──────── Records shown ────────
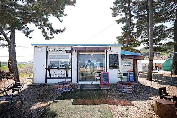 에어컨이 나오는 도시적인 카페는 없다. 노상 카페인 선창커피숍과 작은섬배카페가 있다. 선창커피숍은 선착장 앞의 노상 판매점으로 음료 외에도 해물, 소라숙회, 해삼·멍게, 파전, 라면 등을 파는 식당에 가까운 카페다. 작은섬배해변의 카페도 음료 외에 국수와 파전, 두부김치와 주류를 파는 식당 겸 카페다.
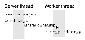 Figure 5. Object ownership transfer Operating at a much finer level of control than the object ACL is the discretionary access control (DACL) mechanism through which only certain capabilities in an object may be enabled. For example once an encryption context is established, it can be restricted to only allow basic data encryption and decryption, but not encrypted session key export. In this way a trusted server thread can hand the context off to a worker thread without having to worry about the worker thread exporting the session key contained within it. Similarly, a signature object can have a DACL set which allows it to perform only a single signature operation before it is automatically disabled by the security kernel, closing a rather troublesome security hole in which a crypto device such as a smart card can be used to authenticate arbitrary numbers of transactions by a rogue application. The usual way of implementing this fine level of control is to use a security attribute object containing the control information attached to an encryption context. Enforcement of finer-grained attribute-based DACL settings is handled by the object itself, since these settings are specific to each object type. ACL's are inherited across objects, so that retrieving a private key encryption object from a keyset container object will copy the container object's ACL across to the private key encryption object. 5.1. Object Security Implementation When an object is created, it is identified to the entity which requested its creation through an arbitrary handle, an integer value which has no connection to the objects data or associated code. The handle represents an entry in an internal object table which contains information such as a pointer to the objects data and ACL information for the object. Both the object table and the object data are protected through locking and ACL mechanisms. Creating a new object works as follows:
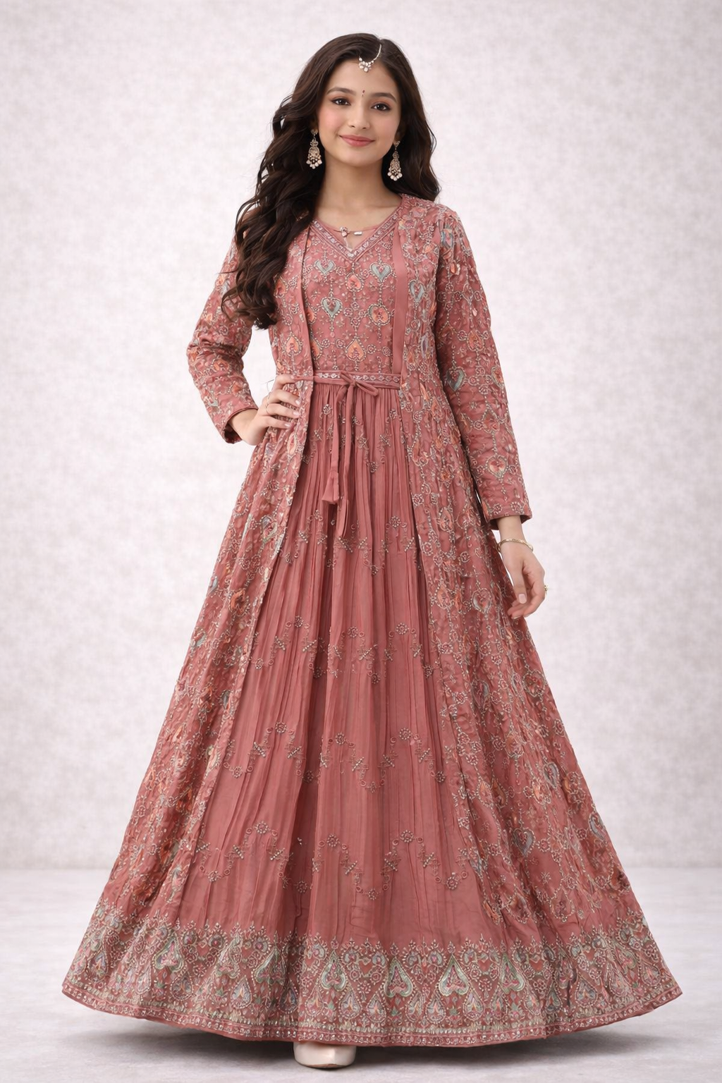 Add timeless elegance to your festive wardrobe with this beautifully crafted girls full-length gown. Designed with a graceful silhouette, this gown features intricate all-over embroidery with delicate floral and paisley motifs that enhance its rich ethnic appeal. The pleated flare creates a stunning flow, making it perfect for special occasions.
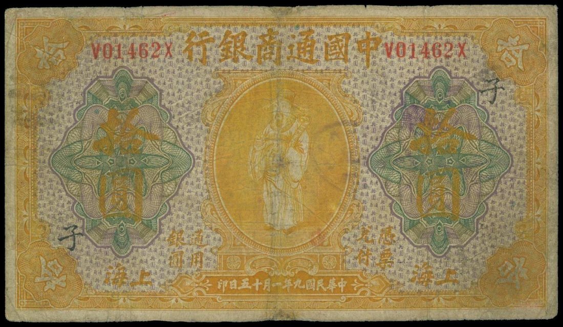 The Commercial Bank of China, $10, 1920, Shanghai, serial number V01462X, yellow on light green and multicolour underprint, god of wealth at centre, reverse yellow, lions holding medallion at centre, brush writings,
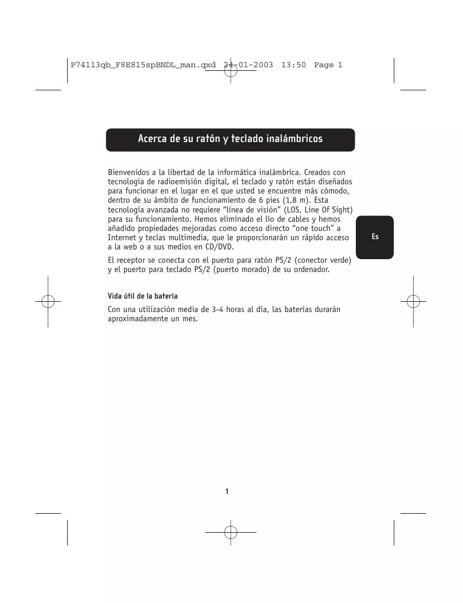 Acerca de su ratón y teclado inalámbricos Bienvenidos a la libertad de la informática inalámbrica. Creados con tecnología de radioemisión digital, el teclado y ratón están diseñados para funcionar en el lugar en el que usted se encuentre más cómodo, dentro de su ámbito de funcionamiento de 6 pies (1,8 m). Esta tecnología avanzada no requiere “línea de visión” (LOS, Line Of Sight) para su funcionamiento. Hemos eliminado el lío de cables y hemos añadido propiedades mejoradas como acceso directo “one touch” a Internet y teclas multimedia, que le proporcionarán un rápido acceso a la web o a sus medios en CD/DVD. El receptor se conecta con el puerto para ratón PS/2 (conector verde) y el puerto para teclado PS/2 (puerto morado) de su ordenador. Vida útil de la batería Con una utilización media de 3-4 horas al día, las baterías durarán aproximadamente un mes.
────────
Work to complete: An exact copy is required of the lines from the one holding "The Commercial Bank" to the end of the entries above, both included; no pictures belong in it.

Your response:
 The Commercial Bank of China, $10, 1920, Shanghai, serial number V01462X, yellow on light green and multicolour underprint, god of wealth at centre, reverse yellow, lions holding medallion at centre, brush writings,
 Acerca de su ratón y teclado inalámbricos Bienvenidos a la libertad de la informática inalámbrica. Creados con tecnología de radioemisión digital, el teclado y ratón están diseñados para funcionar en el lugar en el que usted se encuentre más cómodo, dentro de su ámbito de funcionamiento de 6 pies (1,8 m). Esta tecnología avanzada no requiere “línea de visión” (LOS, Line Of Sight) para su funcionamiento. Hemos eliminado el lío de cables y hemos añadido propiedades mejoradas como acceso directo “one touch” a Internet y teclas multimedia, que le proporcionarán un rápido acceso a la web o a sus medios en CD/DVD. El receptor se conecta con el puerto para ratón PS/2 (conector verde) y el puerto para teclado PS/2 (puerto morado) de su ordenador. Vida útil de la batería Con una utilización media de 3-4 horas al día, las baterías durarán aproximadamente un mes.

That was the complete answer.